What you have to do:
Below are records; the lines starting at the one with "Rękojeść poprzeczna z" and ending at the one with "同樣的情形在歐美等國也正在發" must be reproduced exactly, both included. Pictures must not appear.

BEGIN Material for the task

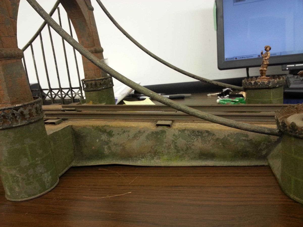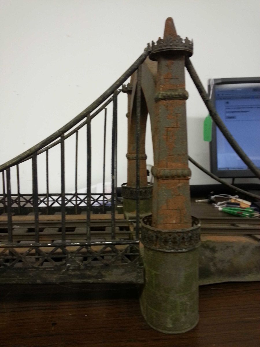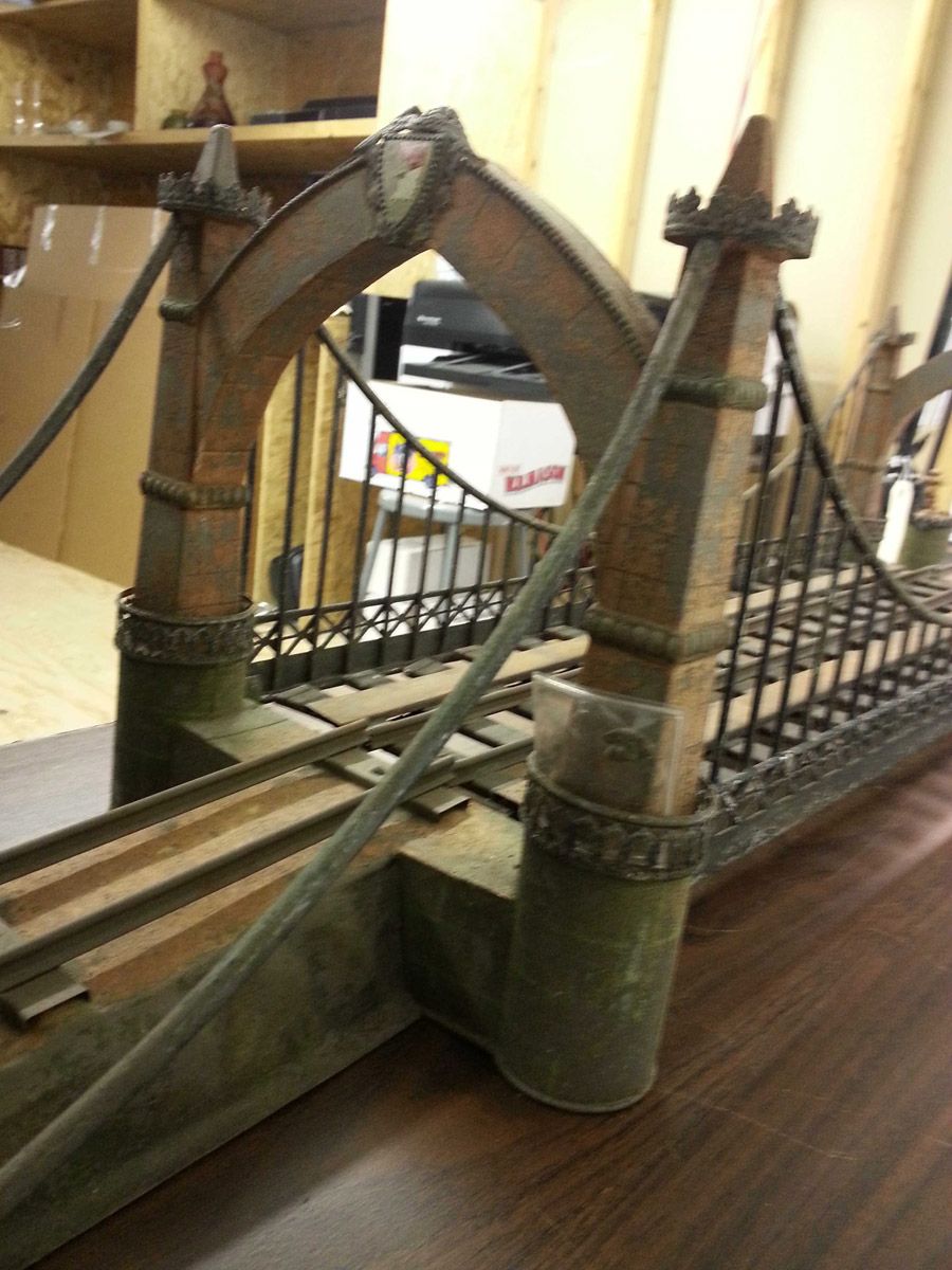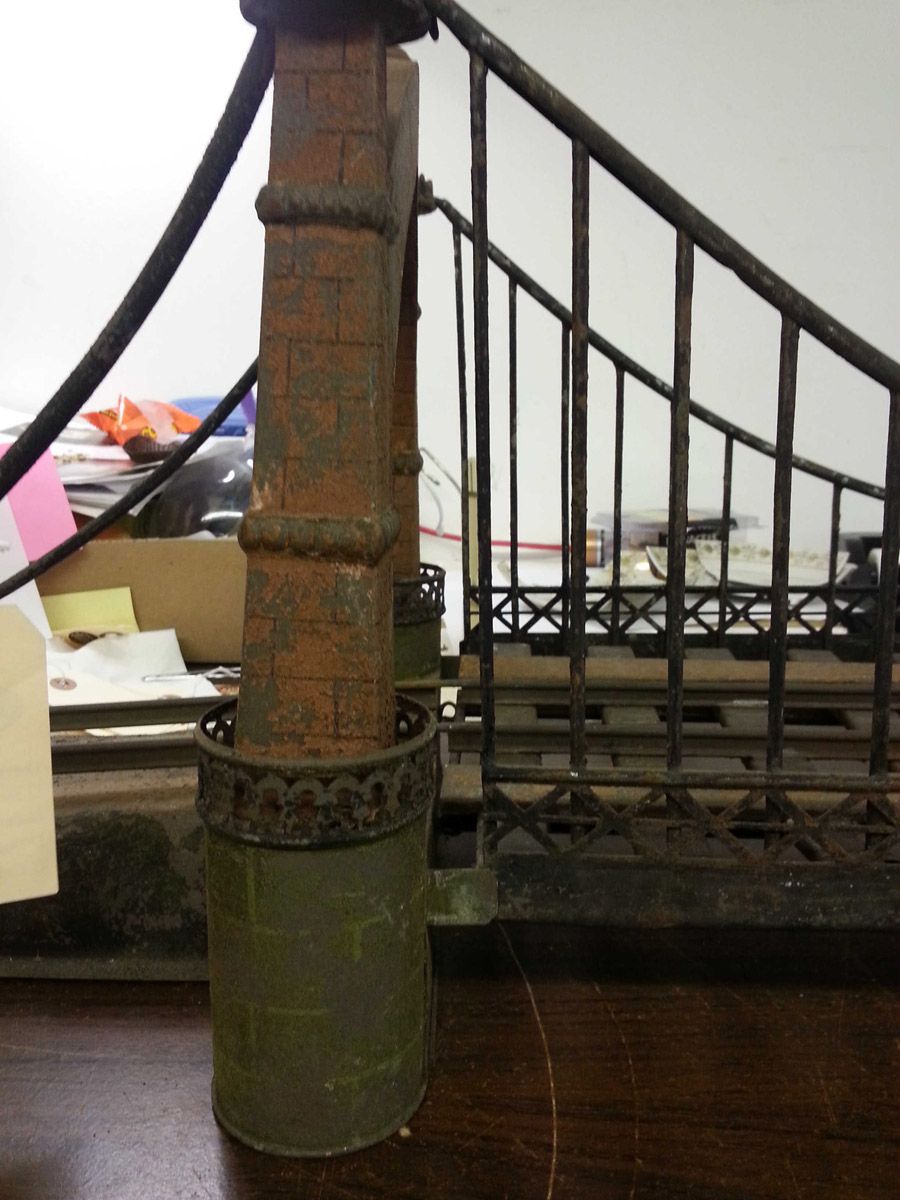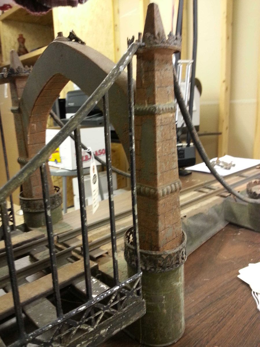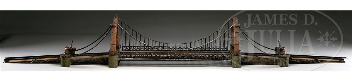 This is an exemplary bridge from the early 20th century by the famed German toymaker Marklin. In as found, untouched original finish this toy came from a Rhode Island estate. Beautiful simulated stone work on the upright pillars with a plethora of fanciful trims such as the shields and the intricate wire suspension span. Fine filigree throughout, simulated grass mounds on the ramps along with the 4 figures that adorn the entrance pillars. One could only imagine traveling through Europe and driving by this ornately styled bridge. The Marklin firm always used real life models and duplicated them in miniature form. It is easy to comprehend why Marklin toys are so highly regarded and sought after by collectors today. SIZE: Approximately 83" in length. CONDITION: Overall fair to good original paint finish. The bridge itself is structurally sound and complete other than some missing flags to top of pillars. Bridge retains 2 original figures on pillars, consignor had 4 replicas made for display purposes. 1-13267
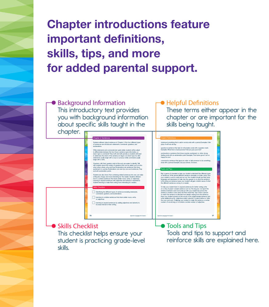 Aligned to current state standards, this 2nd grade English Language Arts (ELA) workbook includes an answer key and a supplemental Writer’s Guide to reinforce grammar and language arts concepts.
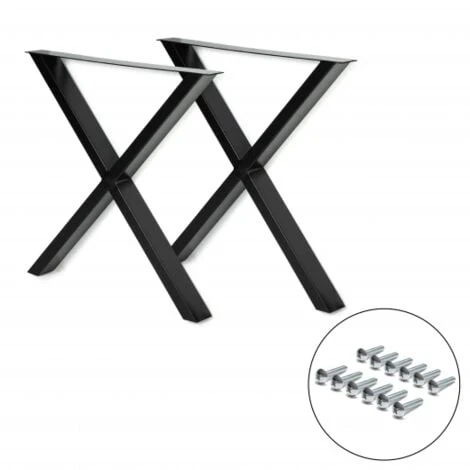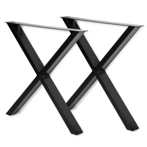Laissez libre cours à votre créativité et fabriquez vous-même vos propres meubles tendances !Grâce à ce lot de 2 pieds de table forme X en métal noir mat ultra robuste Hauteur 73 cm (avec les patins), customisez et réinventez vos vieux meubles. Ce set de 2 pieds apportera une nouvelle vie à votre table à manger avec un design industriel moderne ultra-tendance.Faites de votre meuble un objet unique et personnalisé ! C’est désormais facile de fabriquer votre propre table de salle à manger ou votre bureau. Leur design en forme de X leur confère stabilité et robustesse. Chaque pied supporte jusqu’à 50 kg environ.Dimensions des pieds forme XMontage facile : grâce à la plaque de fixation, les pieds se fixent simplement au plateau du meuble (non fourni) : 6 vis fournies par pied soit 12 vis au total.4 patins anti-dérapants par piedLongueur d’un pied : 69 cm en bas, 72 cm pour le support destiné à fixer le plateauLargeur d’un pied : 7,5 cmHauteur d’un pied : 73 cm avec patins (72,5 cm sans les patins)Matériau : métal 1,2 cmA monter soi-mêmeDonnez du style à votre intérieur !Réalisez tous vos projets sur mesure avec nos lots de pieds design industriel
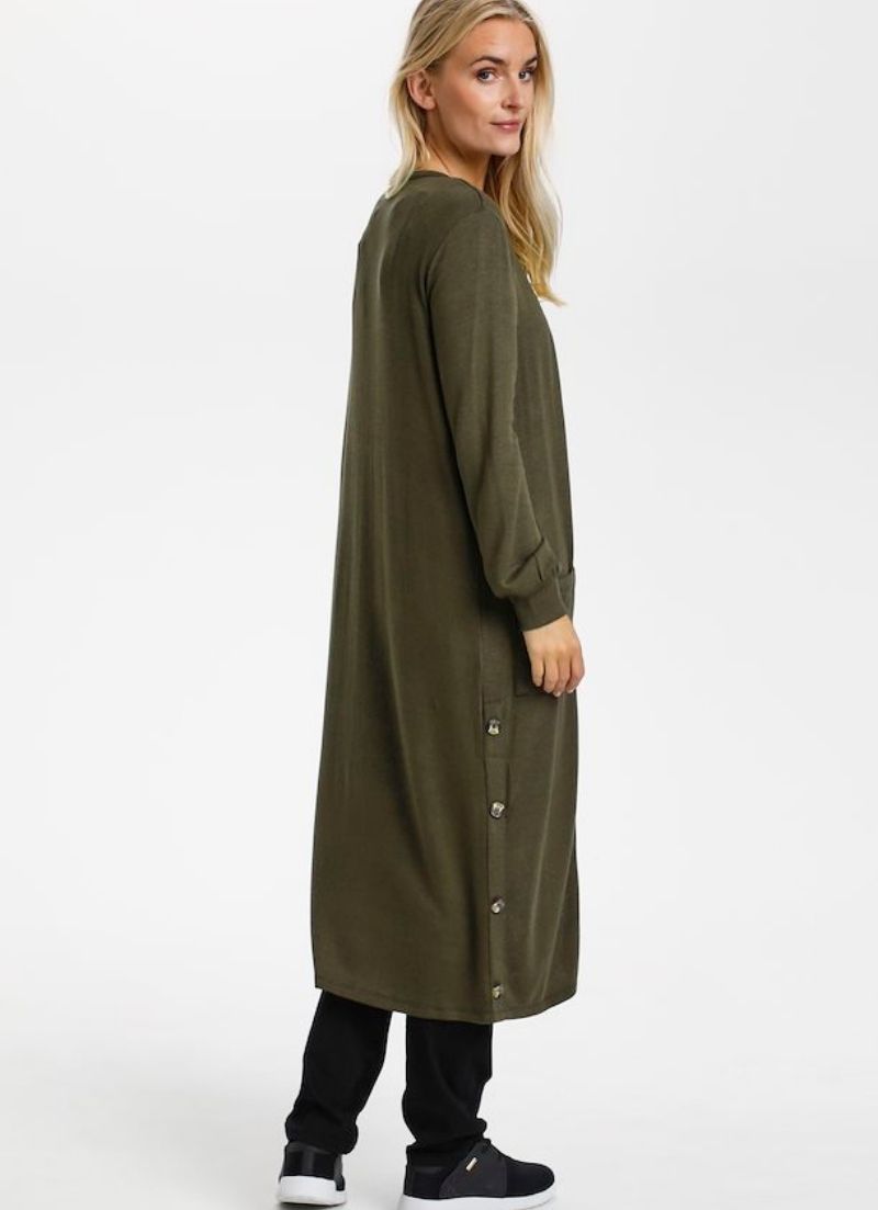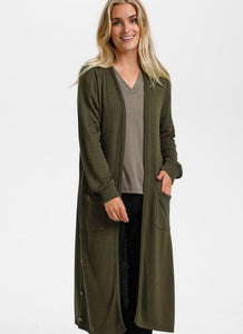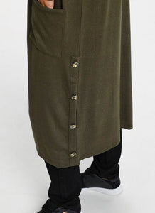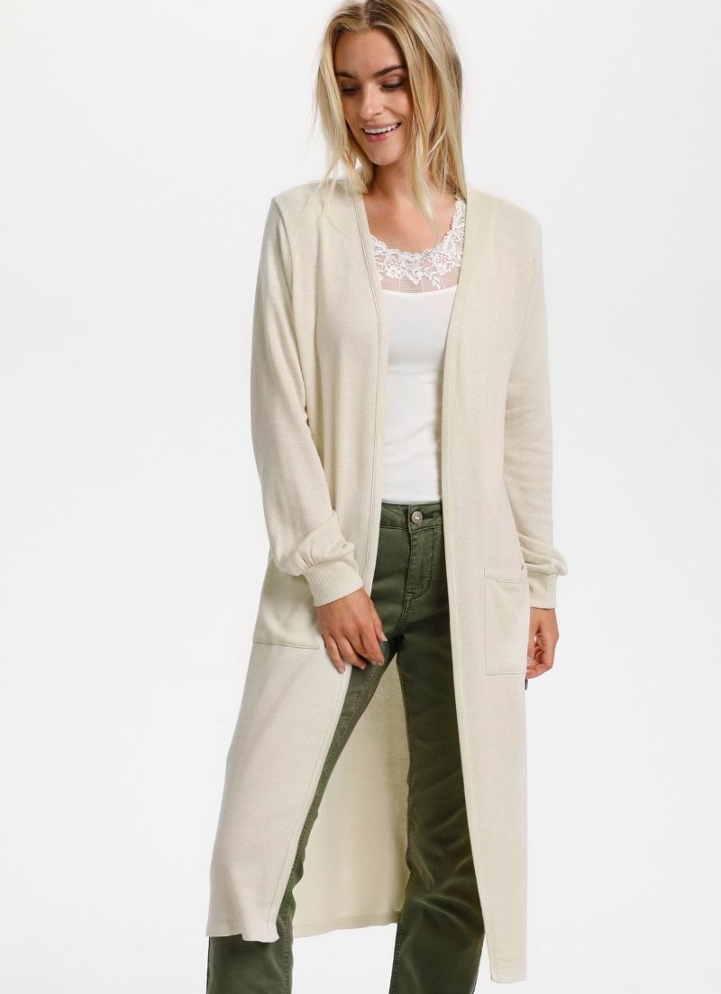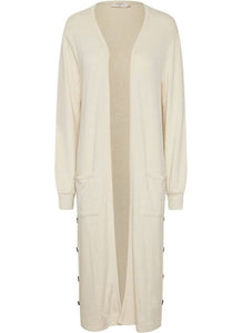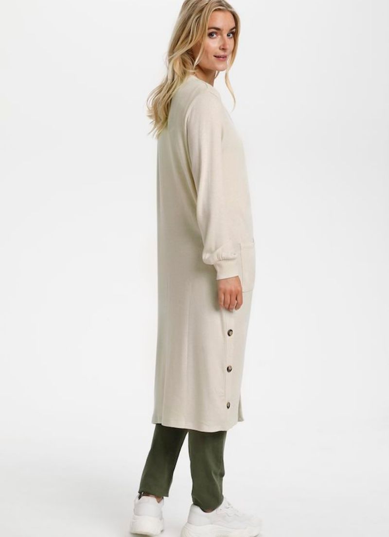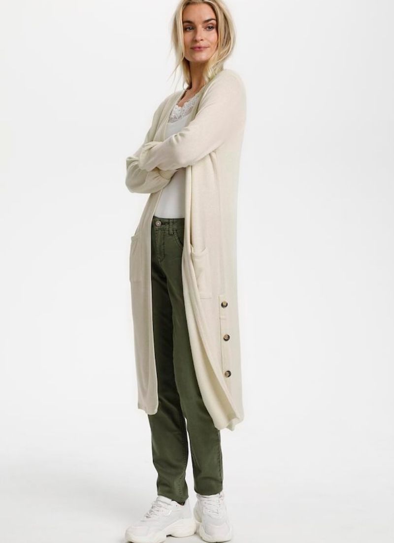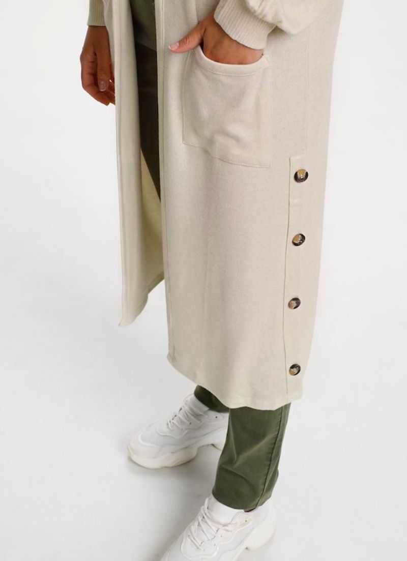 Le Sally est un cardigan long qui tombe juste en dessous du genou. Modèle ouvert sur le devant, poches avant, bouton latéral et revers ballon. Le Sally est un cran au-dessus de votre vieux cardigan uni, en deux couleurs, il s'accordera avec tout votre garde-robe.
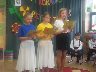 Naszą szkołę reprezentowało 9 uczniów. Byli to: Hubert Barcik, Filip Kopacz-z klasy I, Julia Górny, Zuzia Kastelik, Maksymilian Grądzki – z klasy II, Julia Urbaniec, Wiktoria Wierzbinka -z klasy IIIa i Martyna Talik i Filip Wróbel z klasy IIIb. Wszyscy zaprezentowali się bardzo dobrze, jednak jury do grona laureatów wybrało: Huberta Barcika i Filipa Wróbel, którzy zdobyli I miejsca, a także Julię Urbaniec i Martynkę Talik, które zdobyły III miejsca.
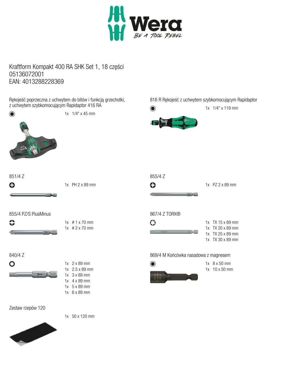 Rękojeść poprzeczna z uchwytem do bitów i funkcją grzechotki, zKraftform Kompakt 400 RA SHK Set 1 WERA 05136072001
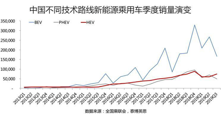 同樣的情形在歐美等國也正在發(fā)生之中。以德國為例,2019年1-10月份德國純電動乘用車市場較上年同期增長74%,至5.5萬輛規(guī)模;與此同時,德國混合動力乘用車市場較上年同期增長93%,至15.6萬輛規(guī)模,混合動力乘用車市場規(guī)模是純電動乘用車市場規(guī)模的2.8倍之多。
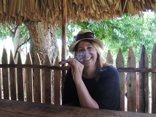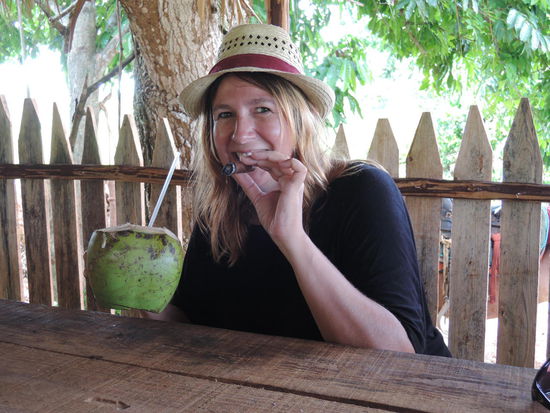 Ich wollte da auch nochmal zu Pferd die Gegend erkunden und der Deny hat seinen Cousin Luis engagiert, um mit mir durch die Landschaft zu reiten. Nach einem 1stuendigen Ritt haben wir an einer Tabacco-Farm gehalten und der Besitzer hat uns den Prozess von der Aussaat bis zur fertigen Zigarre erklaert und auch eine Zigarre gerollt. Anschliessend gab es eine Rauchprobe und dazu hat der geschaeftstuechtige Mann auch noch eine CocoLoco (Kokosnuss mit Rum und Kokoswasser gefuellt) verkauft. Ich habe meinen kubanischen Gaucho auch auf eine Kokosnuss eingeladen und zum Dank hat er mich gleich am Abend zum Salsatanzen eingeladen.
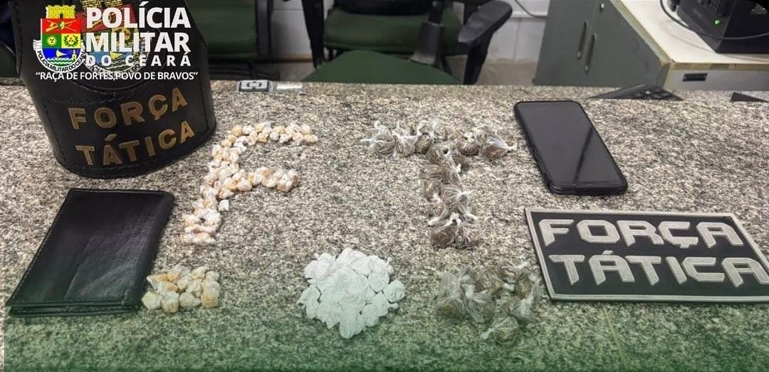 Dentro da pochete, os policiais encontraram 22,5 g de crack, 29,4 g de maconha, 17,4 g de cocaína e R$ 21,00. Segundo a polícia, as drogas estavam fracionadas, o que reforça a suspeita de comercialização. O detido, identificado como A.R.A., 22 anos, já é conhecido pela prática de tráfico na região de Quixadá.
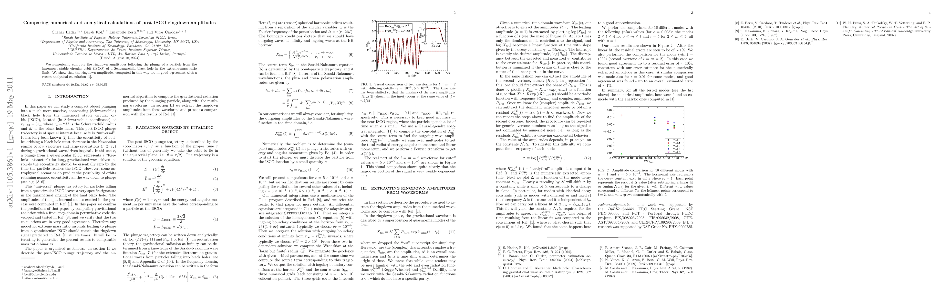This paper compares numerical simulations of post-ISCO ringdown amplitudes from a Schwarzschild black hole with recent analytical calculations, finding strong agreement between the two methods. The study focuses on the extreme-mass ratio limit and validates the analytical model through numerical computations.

END Material for the task

Exercise solution:
 Rękojeść poprzeczna z uchwytem do bitów i funkcją grzechotki, zKraftform Kompakt 400 RA SHK Set 1 WERA 05136072001
 同樣的情形在歐美等國也正在發(fā)生之中。以德國為例,2019年1-10月份德國純電動乘用車市場較上年同期增長74%,至5.5萬輛規(guī)模;與此同時,德國混合動力乘用車市場較上年同期增長93%,至15.6萬輛規(guī)模,混合動力乘用車市場規(guī)模是純電動乘用車市場規(guī)模的2.8倍之多。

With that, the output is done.